Once you find the line with "アキュフェーズ Accuphase DP-510" in the listing below, set down exactly every line from it through the line with "MANA’ya ziyade halen", but no pictures.

**INPUT DATA:**
▬▬▬
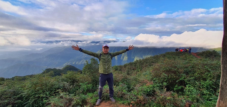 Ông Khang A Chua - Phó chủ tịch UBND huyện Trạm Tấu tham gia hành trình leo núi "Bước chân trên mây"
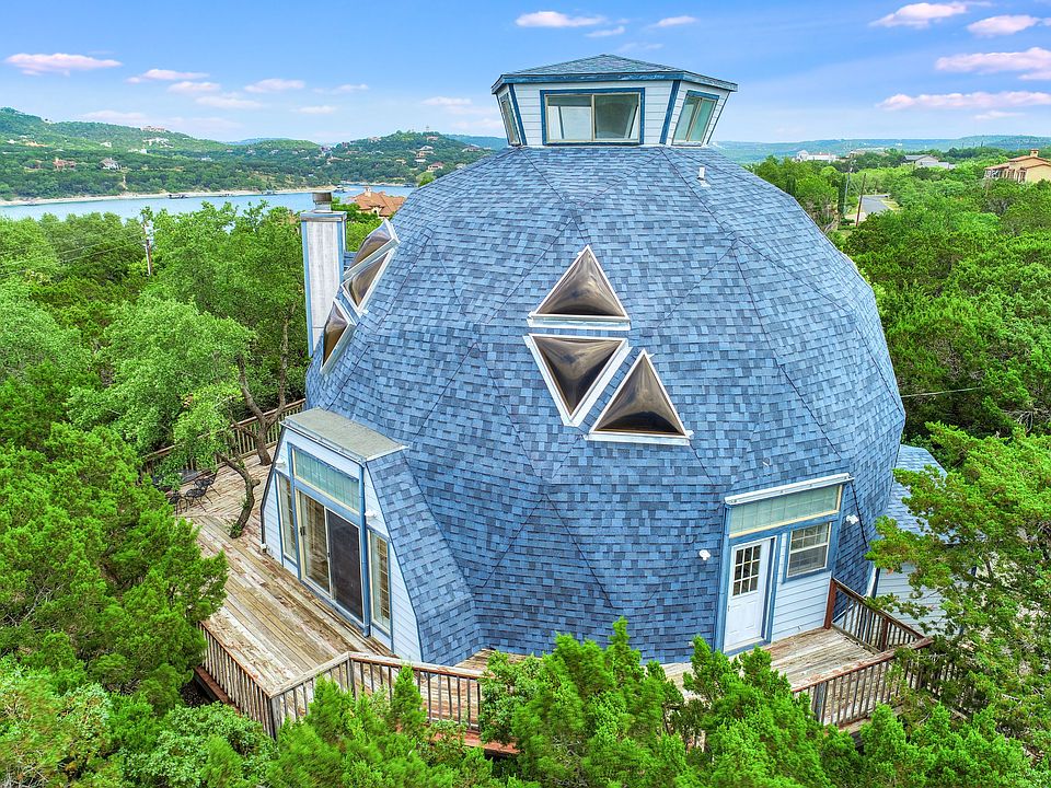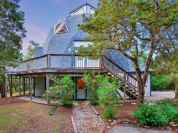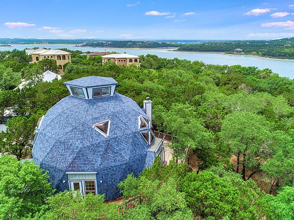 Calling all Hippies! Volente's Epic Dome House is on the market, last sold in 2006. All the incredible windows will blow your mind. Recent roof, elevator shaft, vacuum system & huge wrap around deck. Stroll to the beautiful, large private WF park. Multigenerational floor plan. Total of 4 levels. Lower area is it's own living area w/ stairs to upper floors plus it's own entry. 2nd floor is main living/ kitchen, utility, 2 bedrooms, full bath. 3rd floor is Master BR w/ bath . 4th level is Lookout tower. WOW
▬▬▬
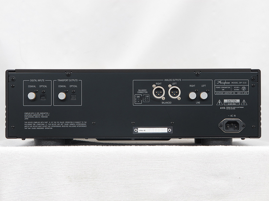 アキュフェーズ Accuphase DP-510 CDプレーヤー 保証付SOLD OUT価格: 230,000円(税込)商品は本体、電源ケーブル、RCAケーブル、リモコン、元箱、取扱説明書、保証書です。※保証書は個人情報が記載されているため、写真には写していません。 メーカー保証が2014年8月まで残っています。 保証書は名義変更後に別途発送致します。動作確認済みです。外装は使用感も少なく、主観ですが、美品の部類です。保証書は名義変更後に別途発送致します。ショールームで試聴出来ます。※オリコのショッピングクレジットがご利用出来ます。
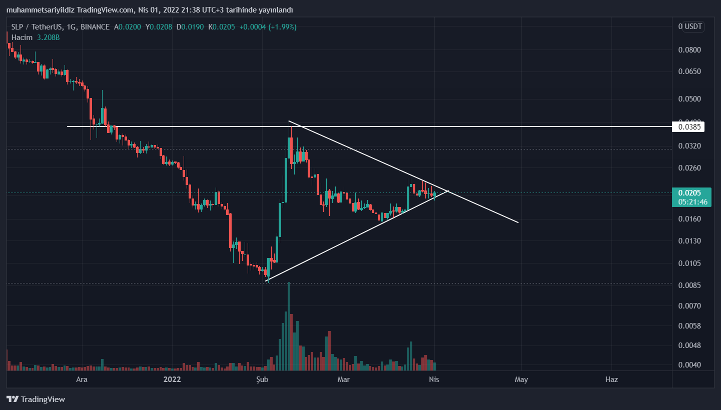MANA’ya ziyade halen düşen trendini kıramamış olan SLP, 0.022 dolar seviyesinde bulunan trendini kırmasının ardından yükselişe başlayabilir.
▬▬▬
**ANSWER TO THIS TASK:**
 アキュフェーズ Accuphase DP-510 CDプレーヤー 保証付SOLD OUT価格: 230,000円(税込)商品は本体、電源ケーブル、RCAケーブル、リモコン、元箱、取扱説明書、保証書です。※保証書は個人情報が記載されているため、写真には写していません。 メーカー保証が2014年8月まで残っています。 保証書は名義変更後に別途発送致します。動作確認済みです。外装は使用感も少なく、主観ですが、美品の部類です。保証書は名義変更後に別途発送致します。ショールームで試聴出来ます。※オリコのショッピングクレジットがご利用出来ます。
MANA’ya ziyade halen düşen trendini kıramamış olan SLP, 0.022 dolar seviyesinde bulunan trendini kırmasının ardından yükselişe başlayabilir.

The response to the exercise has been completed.